■ Your goal
Without including any images, repeat the listing below exactly.

■ Information provided
———

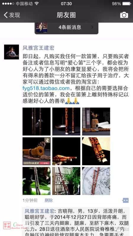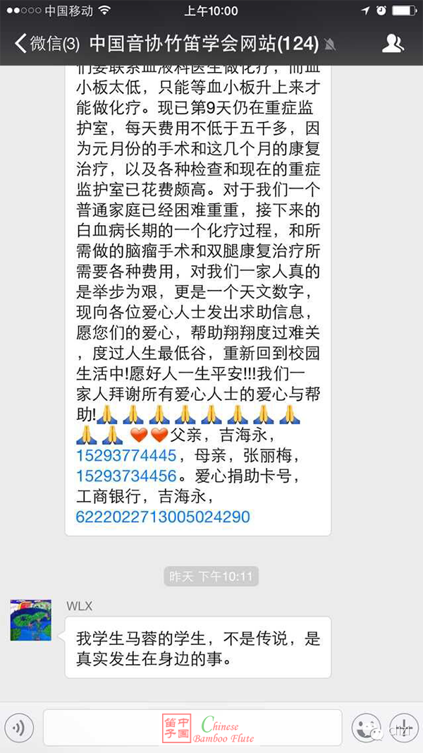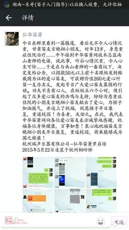 邢万里先生发布了一条爱心募捐消息:为正在与白血病抗争治疗的13岁小笛友吉晓翔募捐,此事已经过邢万里先生(著名笛子演奏家,四川师范大学音乐学院教授)、徐登朝先生(笛友之家创办人,《中国竹笛》杂志总编)、王建宏先生(杭州风雅宫乐器有限公司总经理)的证实为真实事件。
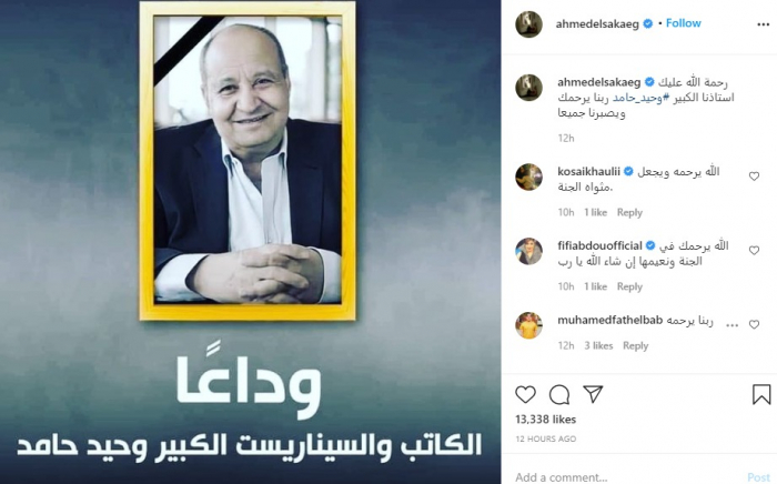 نشر "السقا" صورة لوحيد حامد، عبر حسابه الرسمي بموقع "إنستجرام"، علق :" رحمة الله عليك استاذنا الكبير وحيد حامد ربنا يرحمك ويصبرنا جميعا".
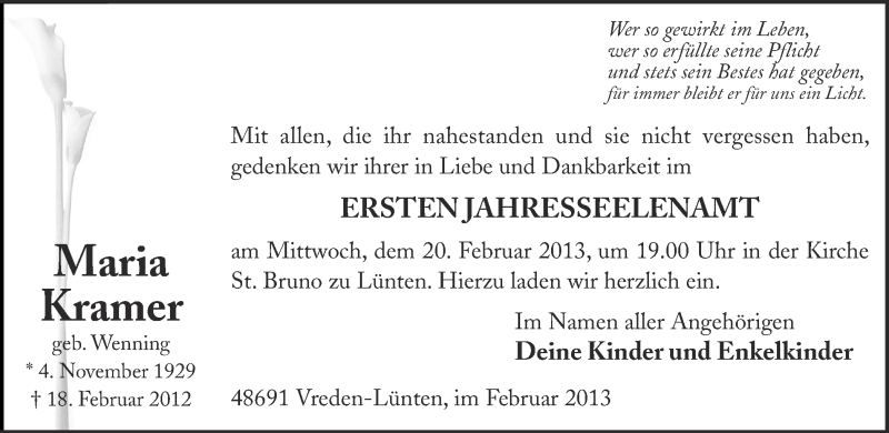 Hier finden Sie alle Traueranzeigen aus der Zeitung, die bisher für Maria Kramer erschienen sind. Weitere Traueranzeigen, die in der Zeitung erscheinen, werden hier ebenfalls aufgelistet

———

■ Solution to this exercise
 邢万里先生发布了一条爱心募捐消息:为正在与白血病抗争治疗的13岁小笛友吉晓翔募捐,此事已经过邢万里先生(著名笛子演奏家,四川师范大学音乐学院教授)、徐登朝先生(笛友之家创办人,《中国竹笛》杂志总编)、王建宏先生(杭州风雅宫乐器有限公司总经理)的证实为真实事件。
 نشر "السقا" صورة لوحيد حامد، عبر حسابه الرسمي بموقع "إنستجرام"، علق :" رحمة الله عليك استاذنا الكبير وحيد حامد ربنا يرحمك ويصبرنا جميعا".
 Hier finden Sie alle Traueranzeigen aus der Zeitung, die bisher für Maria Kramer erschienen sind. Weitere Traueranzeigen, die in der Zeitung erscheinen, werden hier ebenfalls aufgelistet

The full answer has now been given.